Once selected from an application gallery by SciVerse users, the new application will display a customized list of government data sets most relevant to the topics for which the scientist is searching for articles. As an example, a climatologist searching SciVerse for peer-reviewed articles on climate change would be provided with a list of all relevant government data on Data.gov ranging from the National Oceanic and Atmospheric Administration's massive collaborative weather observation networks to historical climate diaries and journals from the National Archives. This free and relevant data can then be used by the scientists to advance their research, often in totally new and unexpected ways, according to its developers.

In addition to providing direct access to raw government datasets, the application simultaneously searches the Linking Open Government Data (LOGD) portal at Rensselaer's Tetherless World Research Constellation.
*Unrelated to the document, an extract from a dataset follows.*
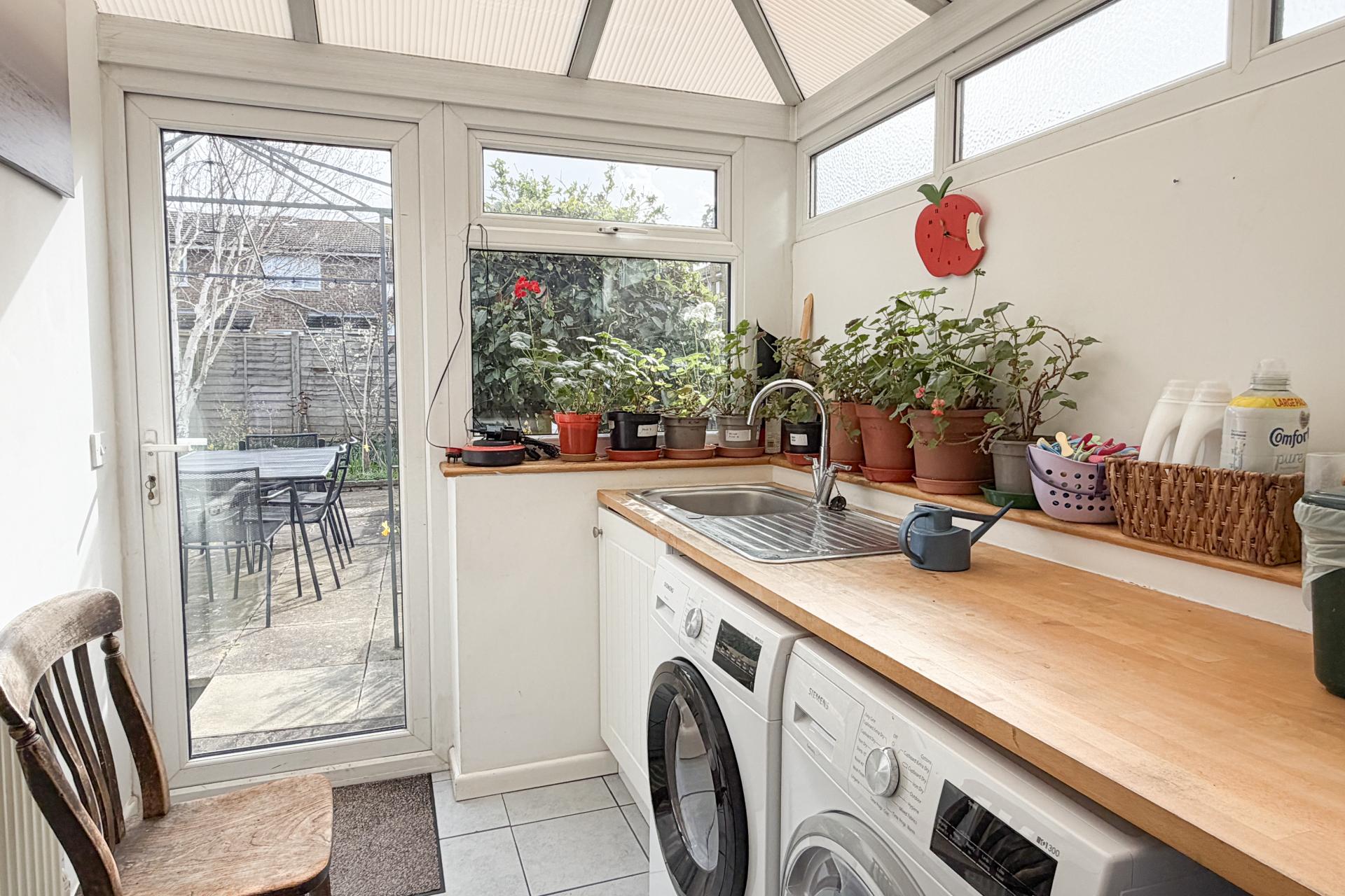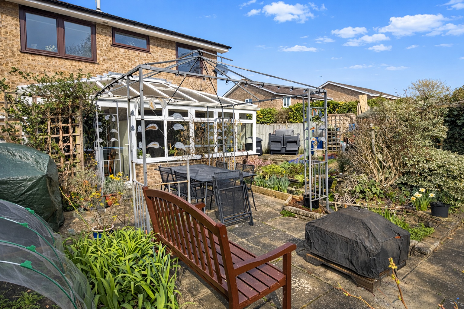 From the dining area, the property continues into a bright conservatory overlooking the garden, providing a pleasant additional reception space and a lovely spot to enjoy the sunshine throughout the day.

The portal hosts Data.gov datasets that have been converted and enhanced with Semantic Web technologies. Semantic enhancements to the datasets make them much more usable and searchable to a variety of applications, enabling multiple data sets to be linked even when the underlying structure or format of each is different. Completely unseen to the average user, this semantic technology resides below the surface of the Web, augmenting rather than replacing traditional search engines. Computer scientists and developers can also take the semantic coding and utilize and enhance it independently.

"When we enhance data with semantics, we make it much more usable to a researcher than raw data," said the project lead for the application and Rensselaer research engineer John Erickson. "Through this application and others developed within the Tetherless World, we are empowering researchers with new tools for the basic practice of science by introducing semantics into the exploration of data."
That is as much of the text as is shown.